Any @RunnablePairingConstraints@ merges the corresponding runnables for the subsequent graph algorithms (cumulation) and decomposes (reconstruction) to the original structure after partitions have been formed. Consequently, causality, i.e., the runnable pairing positions and sequences within the partitions are considered.
h3. Partitioning Algorithms
Each of the algorithms described in the following creates ProcessPrototypes i.e. task precursor.
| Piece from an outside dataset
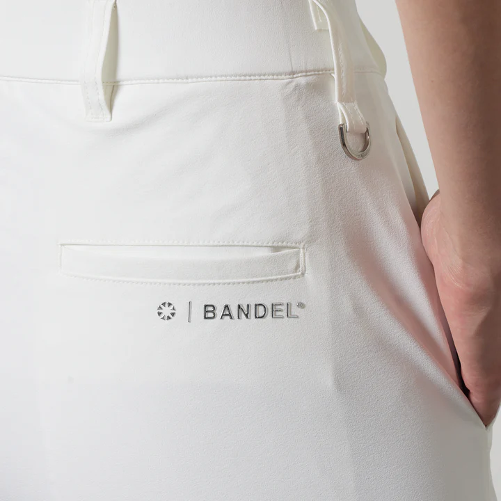 左ワタリポケット下とヒップポケット右下にシルバーの3DプリントでBANDELロゴを配置したシンプルかつスマートなデザイン。

h4. Critical Path Partitioning (CPP)
The __CPP__ approach considers node weights (i.e. arbitrary computation / execution cycles / instructions of @runnables@) and partitions <i>DAWG</i>s, whereas @runnables@ are equally distributed among an automatically determined number of partitions. The partitioning's objective is to reduce overall execution time and inter-task communication. The subsequent mapping methodology further considers resource constraints (availability of hardware and software resources namely program and data memory). The system's critical path is assigned to the first partition and branches of the graph are subsequently assigned to additional partitions. The approach has been chosen, because the critical path features mandatory sequential ordering, that cannot be computed in parallel. Thus, the weight of a critical path provides a lower bound on the total time to perform all the jobs. A __CPP__ example is shown in the following figure (left = input graph; right = partitioning result):
!(scale)../pictures/partitioning-guide/CPP_small.png!
h4. Earliest Start Schedule Partitioning (ESSP)
The __ESSP__ partitioning is developed for allowing the user to restrict the number of partitioning. This may be important and useful in very large systems in order to keep the task creation and task inter-communication costs low. The __ESSP__ partitioning balances runnables across partitions with respect to their causal orders. For this purpose, only runnable's @eit@ (earliest initial time) -values are calculated that define the sum of the longest preceding path's instructions. The methodology picks the partition with the lowest schedule length, calculates a set of assignable @runnables@, which predecessors are already scheduled, and assigns a runnable to the current partition that minimizes the schedule length.
h3. Further Features
Two further features provide graph visualizations and a different graph representation through @RunnableSequencingConstraints@.
h4. Applet Generation
The applet generation can be triggered with a different command in the context menu via right-clicking on an __.amxmi__ file. In case the file contains a software model with runnables and a constraints model with @RunnableSequencingConstraints@, a java file will be generated that can be executed as an applet with the help of the __JgraphT__ library. Such an applet visualizes a graph and can be adapted in an applet viewer. The following figure shows such an applet.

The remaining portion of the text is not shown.